> [WORK TO BE COMPLETED]: Starting with the line that holds "Куры услыхали, на" and stopping after the line that holds "おしゃれなメタル調のキッチン", repeat the lines below word for word, without the pictures.

> [DATA SECTION]:
----------
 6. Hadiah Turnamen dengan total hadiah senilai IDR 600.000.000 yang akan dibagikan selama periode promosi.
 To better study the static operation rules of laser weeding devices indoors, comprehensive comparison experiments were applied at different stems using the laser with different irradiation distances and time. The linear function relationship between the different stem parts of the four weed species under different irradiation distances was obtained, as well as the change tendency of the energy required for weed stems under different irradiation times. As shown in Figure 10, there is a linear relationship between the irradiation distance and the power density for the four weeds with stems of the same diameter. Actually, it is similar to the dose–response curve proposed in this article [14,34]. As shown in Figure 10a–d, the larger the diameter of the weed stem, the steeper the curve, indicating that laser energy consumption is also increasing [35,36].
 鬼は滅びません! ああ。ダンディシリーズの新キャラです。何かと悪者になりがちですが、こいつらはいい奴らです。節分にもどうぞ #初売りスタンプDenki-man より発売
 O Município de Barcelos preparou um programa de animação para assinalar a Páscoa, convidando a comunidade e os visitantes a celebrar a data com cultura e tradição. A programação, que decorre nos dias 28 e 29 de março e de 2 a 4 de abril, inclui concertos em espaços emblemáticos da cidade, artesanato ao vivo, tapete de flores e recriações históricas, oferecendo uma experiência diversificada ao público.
----------
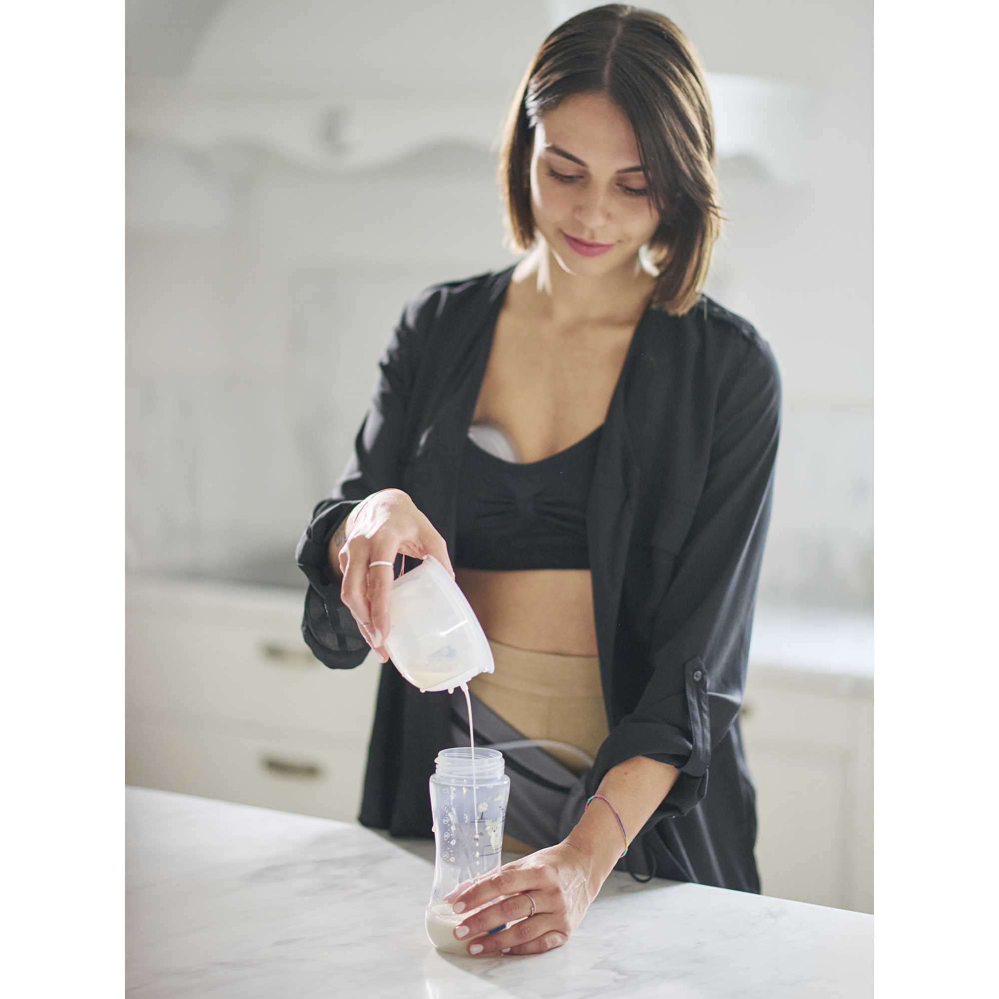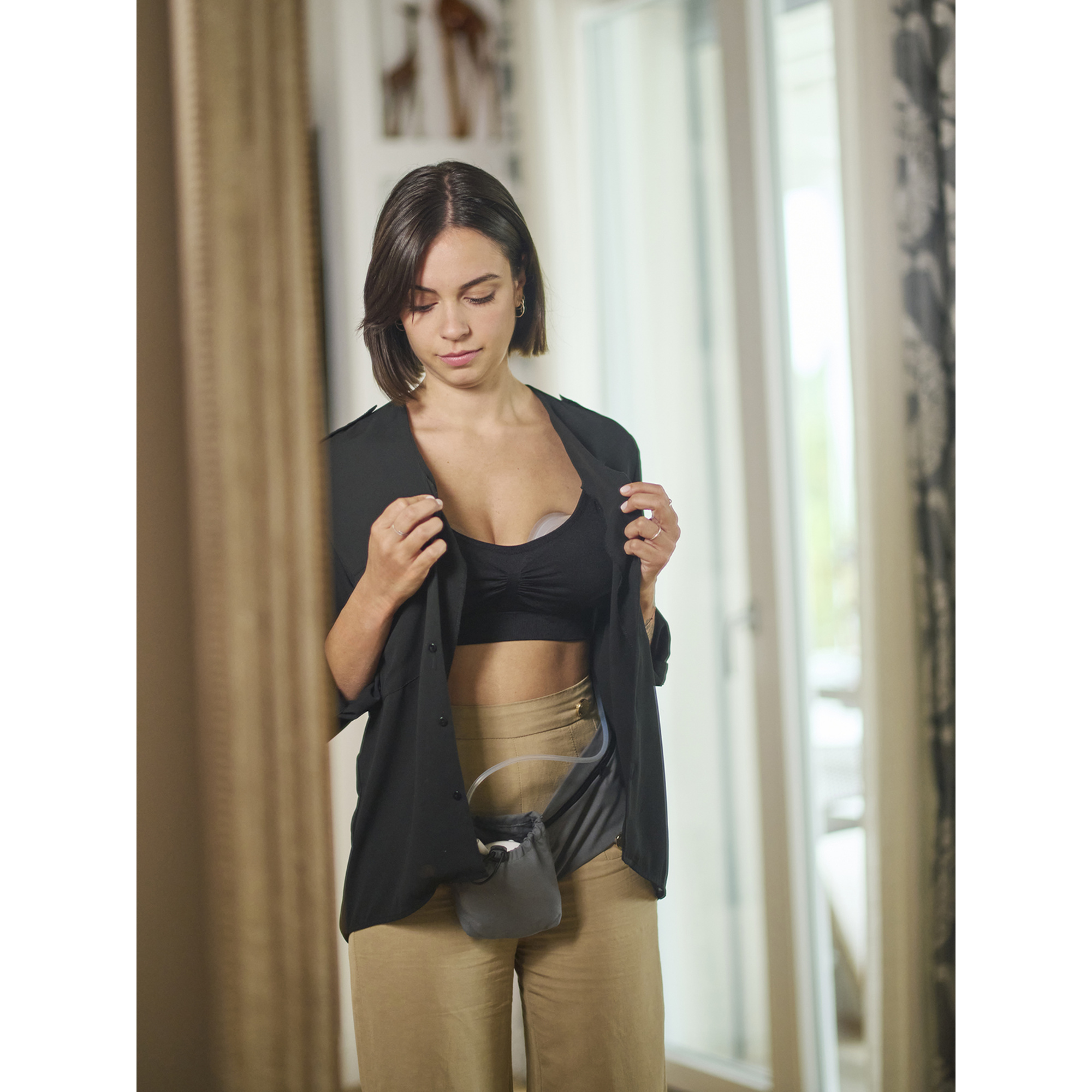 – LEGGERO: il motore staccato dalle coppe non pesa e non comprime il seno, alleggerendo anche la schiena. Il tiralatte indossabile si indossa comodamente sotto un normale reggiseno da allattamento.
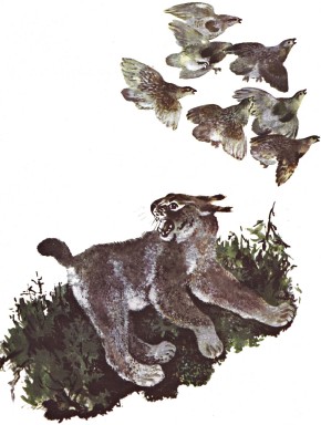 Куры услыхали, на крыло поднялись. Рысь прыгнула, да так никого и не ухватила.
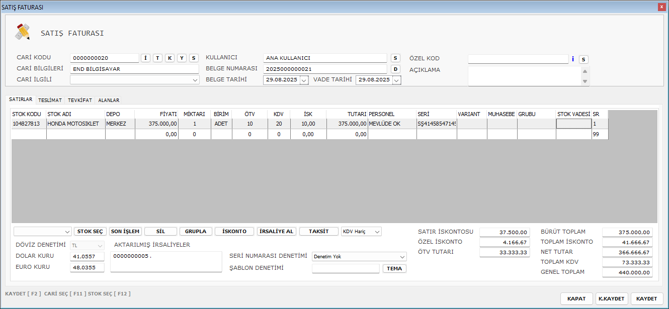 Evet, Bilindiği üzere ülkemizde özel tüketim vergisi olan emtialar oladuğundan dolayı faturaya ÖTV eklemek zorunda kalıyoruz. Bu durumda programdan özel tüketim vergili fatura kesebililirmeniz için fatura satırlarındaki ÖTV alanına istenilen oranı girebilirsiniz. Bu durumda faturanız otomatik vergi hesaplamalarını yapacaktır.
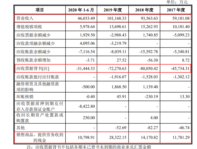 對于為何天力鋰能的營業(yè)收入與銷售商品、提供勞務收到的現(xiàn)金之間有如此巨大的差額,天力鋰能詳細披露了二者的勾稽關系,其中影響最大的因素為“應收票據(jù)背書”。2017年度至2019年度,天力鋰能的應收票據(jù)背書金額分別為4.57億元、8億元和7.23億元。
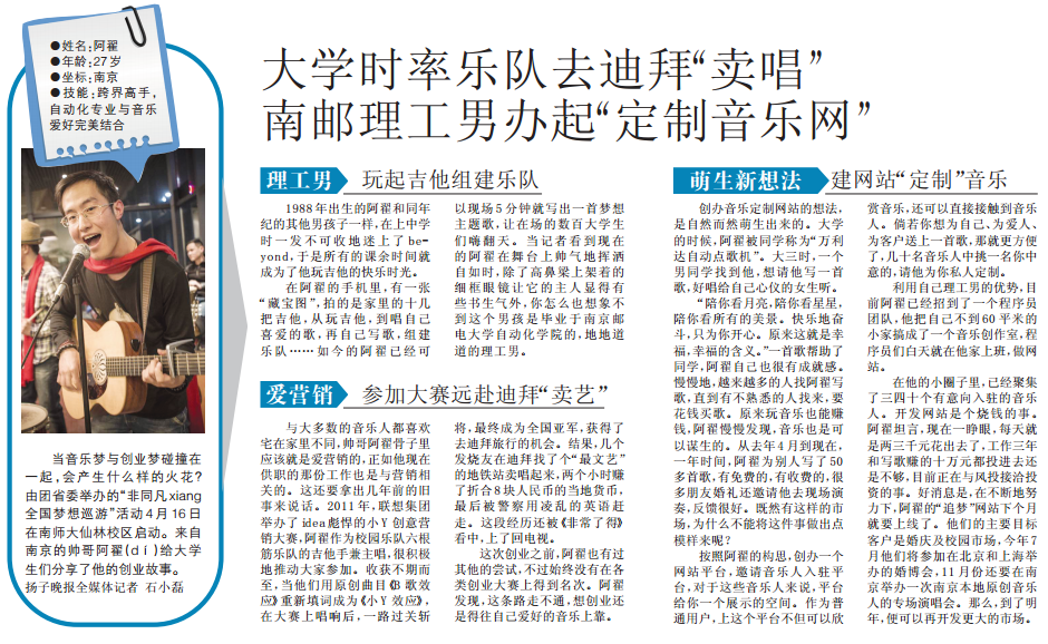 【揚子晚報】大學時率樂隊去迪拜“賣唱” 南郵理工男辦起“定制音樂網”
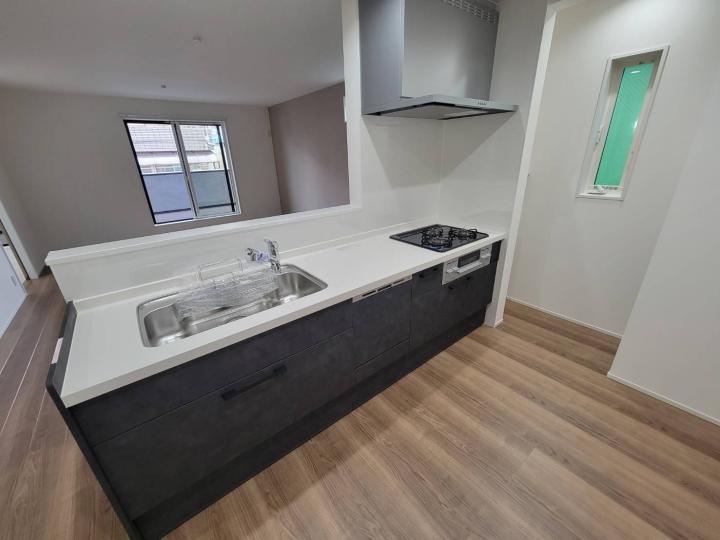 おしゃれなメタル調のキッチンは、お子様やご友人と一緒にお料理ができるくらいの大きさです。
----------
> [SOLUTION TO THIS TASK]:
 Куры услыхали, на крыло поднялись. Рысь прыгнула, да так никого и не ухватила.
 Evet, Bilindiği üzere ülkemizde özel tüketim vergisi olan emtialar oladuğundan dolayı faturaya ÖTV eklemek zorunda kalıyoruz. Bu durumda programdan özel tüketim vergili fatura kesebililirmeniz için fatura satırlarındaki ÖTV alanına istenilen oranı girebilirsiniz. Bu durumda faturanız otomatik vergi hesaplamalarını yapacaktır.
 對于為何天力鋰能的營業(yè)收入與銷售商品、提供勞務收到的現(xiàn)金之間有如此巨大的差額,天力鋰能詳細披露了二者的勾稽關系,其中影響最大的因素為“應收票據(jù)背書”。2017年度至2019年度,天力鋰能的應收票據(jù)背書金額分別為4.57億元、8億元和7.23億元。
 【揚子晚報】大學時率樂隊去迪拜“賣唱” 南郵理工男辦起“定制音樂網”
 おしゃれなメタル調のキッチンは、お子様やご友人と一緒にお料理ができるくらいの大きさです。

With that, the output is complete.